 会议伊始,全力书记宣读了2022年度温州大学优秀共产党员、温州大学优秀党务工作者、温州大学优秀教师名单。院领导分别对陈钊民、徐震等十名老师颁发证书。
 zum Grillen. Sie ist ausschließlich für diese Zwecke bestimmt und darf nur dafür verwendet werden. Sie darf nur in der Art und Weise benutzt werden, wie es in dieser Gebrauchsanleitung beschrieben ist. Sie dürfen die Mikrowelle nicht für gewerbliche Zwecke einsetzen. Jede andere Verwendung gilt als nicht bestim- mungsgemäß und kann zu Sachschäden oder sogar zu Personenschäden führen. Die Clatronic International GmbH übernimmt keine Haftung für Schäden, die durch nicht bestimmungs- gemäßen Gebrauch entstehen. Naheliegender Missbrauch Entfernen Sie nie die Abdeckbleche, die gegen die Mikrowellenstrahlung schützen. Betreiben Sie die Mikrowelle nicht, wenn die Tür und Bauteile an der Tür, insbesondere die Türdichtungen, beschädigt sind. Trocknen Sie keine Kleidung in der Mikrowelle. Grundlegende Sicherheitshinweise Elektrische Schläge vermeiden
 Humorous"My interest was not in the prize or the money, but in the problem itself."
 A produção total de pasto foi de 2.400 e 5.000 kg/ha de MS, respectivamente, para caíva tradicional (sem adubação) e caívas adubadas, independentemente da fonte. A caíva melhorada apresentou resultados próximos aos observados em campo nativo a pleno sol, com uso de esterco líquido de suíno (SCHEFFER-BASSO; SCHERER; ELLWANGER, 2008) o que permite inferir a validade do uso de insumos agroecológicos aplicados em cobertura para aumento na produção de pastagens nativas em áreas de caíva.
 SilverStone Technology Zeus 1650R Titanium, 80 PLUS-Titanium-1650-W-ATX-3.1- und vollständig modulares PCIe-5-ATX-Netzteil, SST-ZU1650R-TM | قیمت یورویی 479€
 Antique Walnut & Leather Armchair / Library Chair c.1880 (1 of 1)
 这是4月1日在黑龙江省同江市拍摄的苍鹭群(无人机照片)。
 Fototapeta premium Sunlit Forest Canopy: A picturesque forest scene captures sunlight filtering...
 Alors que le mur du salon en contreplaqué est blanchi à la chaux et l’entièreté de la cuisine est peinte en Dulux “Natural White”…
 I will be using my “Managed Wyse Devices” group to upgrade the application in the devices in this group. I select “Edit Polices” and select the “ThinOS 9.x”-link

- - -

WORK INSTRUCTION: Line by line, please copy the records above exactly.

EXERCISE RESPONSE:
 会议伊始,全力书记宣读了2022年度温州大学优秀共产党员、温州大学优秀党务工作者、温州大学优秀教师名单。院领导分别对陈钊民、徐震等十名老师颁发证书。
 zum Grillen. Sie ist ausschließlich für diese Zwecke bestimmt und darf nur dafür verwendet werden. Sie darf nur in der Art und Weise benutzt werden, wie es in dieser Gebrauchsanleitung beschrieben ist. Sie dürfen die Mikrowelle nicht für gewerbliche Zwecke einsetzen. Jede andere Verwendung gilt als nicht bestim- mungsgemäß und kann zu Sachschäden oder sogar zu Personenschäden führen. Die Clatronic International GmbH übernimmt keine Haftung für Schäden, die durch nicht bestimmungs- gemäßen Gebrauch entstehen. Naheliegender Missbrauch Entfernen Sie nie die Abdeckbleche, die gegen die Mikrowellenstrahlung schützen. Betreiben Sie die Mikrowelle nicht, wenn die Tür und Bauteile an der Tür, insbesondere die Türdichtungen, beschädigt sind. Trocknen Sie keine Kleidung in der Mikrowelle. Grundlegende Sicherheitshinweise Elektrische Schläge vermeiden
 Humorous"My interest was not in the prize or the money, but in the problem itself."
 A produção total de pasto foi de 2.400 e 5.000 kg/ha de MS, respectivamente, para caíva tradicional (sem adubação) e caívas adubadas, independentemente da fonte. A caíva melhorada apresentou resultados próximos aos observados em campo nativo a pleno sol, com uso de esterco líquido de suíno (SCHEFFER-BASSO; SCHERER; ELLWANGER, 2008) o que permite inferir a validade do uso de insumos agroecológicos aplicados em cobertura para aumento na produção de pastagens nativas em áreas de caíva.
 SilverStone Technology Zeus 1650R Titanium, 80 PLUS-Titanium-1650-W-ATX-3.1- und vollständig modulares PCIe-5-ATX-Netzteil, SST-ZU1650R-TM | قیمت یورویی 479€
 Antique Walnut & Leather Armchair / Library Chair c.1880 (1 of 1)
 这是4月1日在黑龙江省同江市拍摄的苍鹭群(无人机照片)。
 Fototapeta premium Sunlit Forest Canopy: A picturesque forest scene captures sunlight filtering...
 Alors que le mur du salon en contreplaqué est blanchi à la chaux et l’entièreté de la cuisine est peinte en Dulux “Natural White”…
 I will be using my “Managed Wyse Devices” group to upgrade the application in the devices in this group. I select “Edit Polices” and select the “ThinOS 9.x”-link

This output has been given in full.